Question: Let $Y= 1-X$. Find its cumulative distribution function and its density, in terms of $F_X$ and $f_X$
My way to do:
$$F_{Y}(y)=P(1-X<y)=P(X>1-y)\\=1-P(X\le1-y)\\=1-F_X(1-y) \\=1-\lim \limits_{x \to 1-y} F_X(x)$$
$$F_{Y}(y)=1-\lim \limits_{x \to 1-y} F_X(x)$$
Then, I want to find PDF by $\frac{d(F_{Y}(y))}{dy}$.

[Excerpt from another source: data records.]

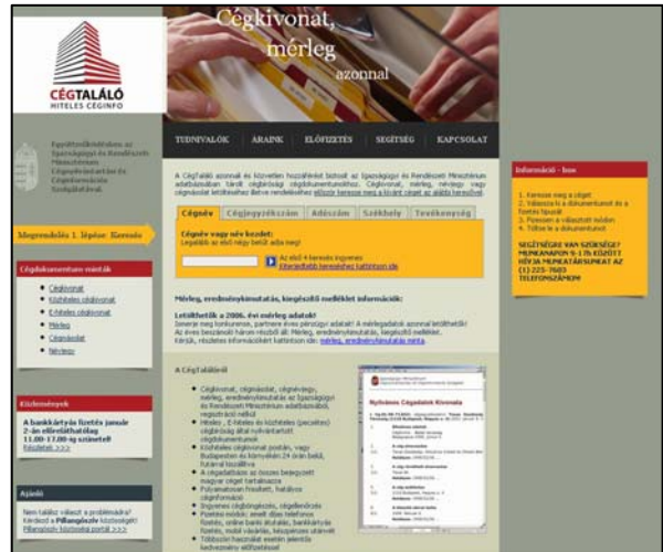
11. ábra A CégTaláló főoldala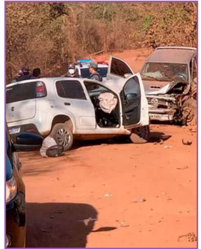
Hilux bateu em Uno, cujo motorista morreu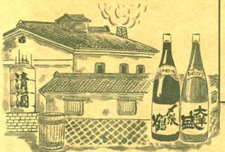
益基、酒屋工藤、益田甚兵衛酒店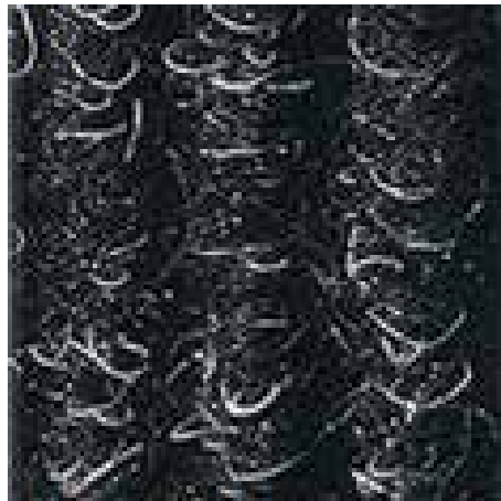
antracit št. 200

Is PDF just $-\lim \limits_{x \to 1-y}f_X(x)$ ? If wrong, how can I get that.
On
You have already obtained $$F_{Y}(y)=1-F_X(1-y)$$
(However, I am not sure if it is necessary to express the same result using the limit concept)
Here $Y= 1-X$
$\Rightarrow X=1-Y$
So, $\frac{dx}{dy}=-1$
Now, you can differentiate the c.d.f. of $Y$ with respect to $y$ which yields
$$\frac{d}{dy}F_{Y}(y)=\frac{d}{dx}[1-F_X(1-y)]\frac{dx}{dy}$$
$$\Rightarrow f_Y(y)=[-f_X(1-y)](-1)$$
$$\Rightarrow f_Y(y)=f_X(1-y)$$
$$F_Y(y)=P(1-X\leq y)=P(X\geq1-y)=1-P(X<1-y)=1-P(X\leq1-y)=$$$$1-F_X(1-y)\tag1$$where the $4$-th equality is implied by the fact that $F_X$ is continuous.
This is enough concerning CDF: $F_Y$ is expressed by means of $F_X$.
If $F_X(x)$ would be differentiable (we don't know) having derivative $f(x)$ then $(1)$ tells us that $F_Y(y)$ is differentiable having derivative $f(1-y)$.
This makes us "suspect" that the function $g(y)=f_X(1-y)$ will serve as PDF of $Y$.
This can be verified by:$$\int_{-\infty}^yf_X(1-z)dz=\int_{1-y}^{\infty}f_X(x)dx=P(X\geq1-y)=P(Y\leq y)$$
Proved is now that: $$f_Y(y)=f_X(1-y)$$
This is enough concerning PDF: $f_Y$ is expressed by means of $f_X$.